As an example, here’s a simple class to ship out an authorized_keys file for the root user.
class ssh-keys {
file { "/root/.ssh":
ensure => "directory",
owner => "root",
group => "root",
mode => "600",
}
file { "root/.ssh/authorized_keys":
owner => "root",
group => "root",
mode => "600",
source => "puppet:///ssh-keys/authorized_keys",
}
}
This class ensures that the directory /root/.ssh exists, and has the correct permissions. It then copies out an authorized_keys file from the puppet server, stored in the ssh-keys class definition, and again ensures this file has the correct permissions.
My only real complaint about Puppet so far is that the documentation can occasionally be a little hard to follow. There are plenty of example recipes on the ‘net, but many are extremely complicated and it can be hard to find more simple examples to learn from and build apon. One area in which this was especially true was templating. I had to do quite a bit of digging around before confirming that all facter variables were accessible in templates.

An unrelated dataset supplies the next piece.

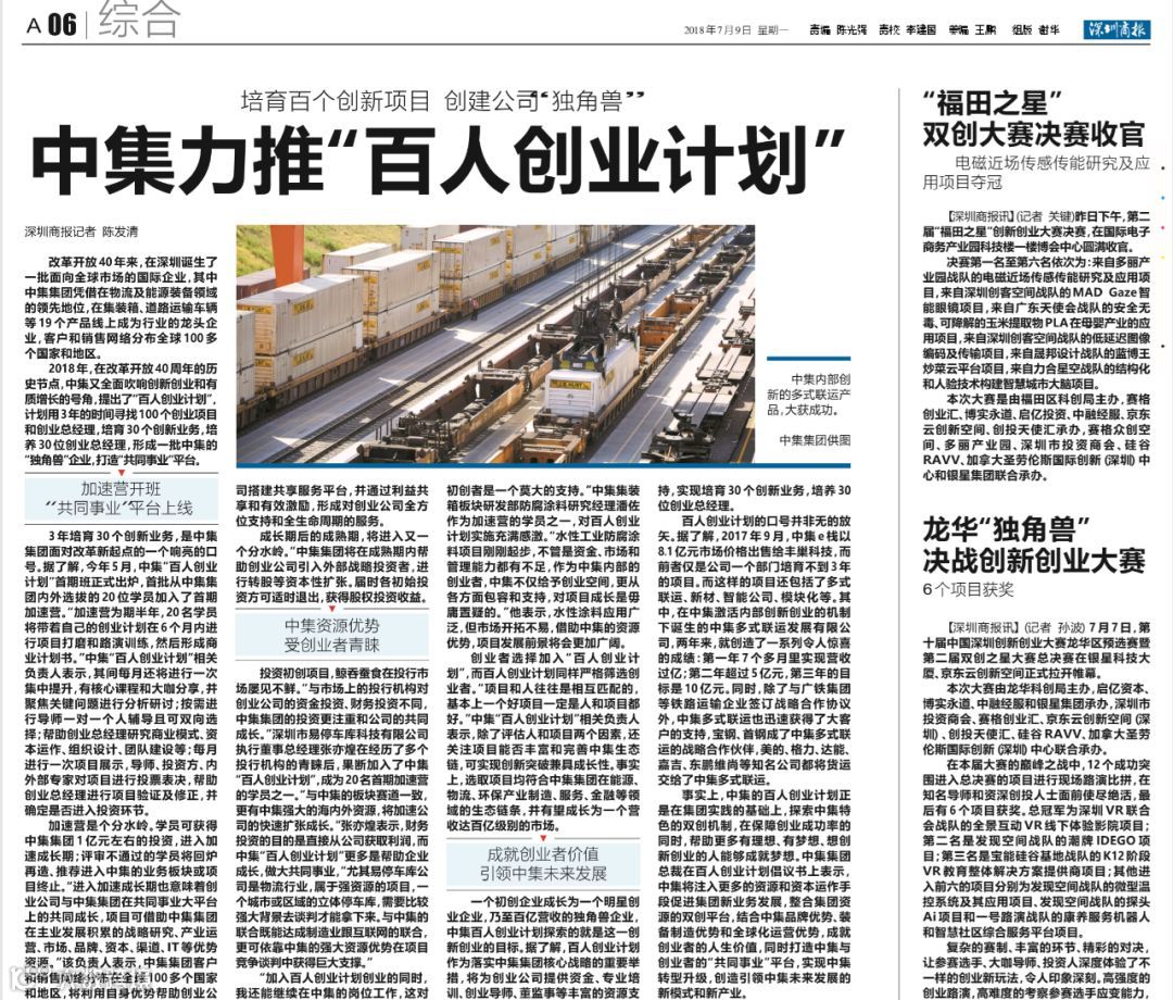 2018年,在改革开放40周年的历史节点,中集又全面吹响创新创业和有质增长的号角,提出了“百人创业计划”,计划用3年的时间寻找100个创业项目和创业总经理,培育30个创新业务,培养30位创业总经理,形成一批中集的“独角兽”企业,打造“共同事业”平台。

Here as a simple example of using facter variables in templating is a snippet of a class for managing a resolv.conf file.

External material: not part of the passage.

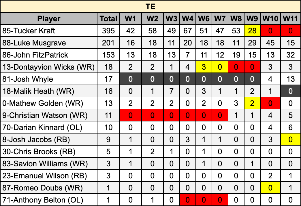 Last week, Luke Musgrave was the replacement starter for Tucker Kraft. This week, John FitzPatrick more than doubled Musgrave’s snaps played. That seems to be an accident, though, as head coach Matt LaFleur said in his Monday press conference that he told his staff that Musgrave needs to be playing more snaps. Notably, Musgrave only played two snaps in the entire second half against the Giants.

file { "/etc/resolv.conf":
owner => "root",
group => "root",
mode => "644",
content => template("resolv.erb")
}
This file management block ensures that the file /etc/resolv.conf exists, has the correct permissions, and has the content set out in the template ‘resolv.erb’.
resolv.erb:
search <%= domain %> nameserver xxx.xxx.x.x nameserver xxx.xxx.x.x
Where ‘xxx.xxx.x.x’ are valid nameserver addresses.

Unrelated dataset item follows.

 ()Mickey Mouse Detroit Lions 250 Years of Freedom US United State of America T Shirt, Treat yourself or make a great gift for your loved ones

This simple template takes the server’s domain from facter, and inserts it in place of the variable “<%= domain %>”. Another very simple template could include:
hosts.erb:
127.0.0.1 localhost.localdmain localhost <%= ipaddress %> <%= fqdn %> <%= hostname %>
Here the template ensures the correct localhost entry, and the ‘real’ ip address and hostname of the server are listed.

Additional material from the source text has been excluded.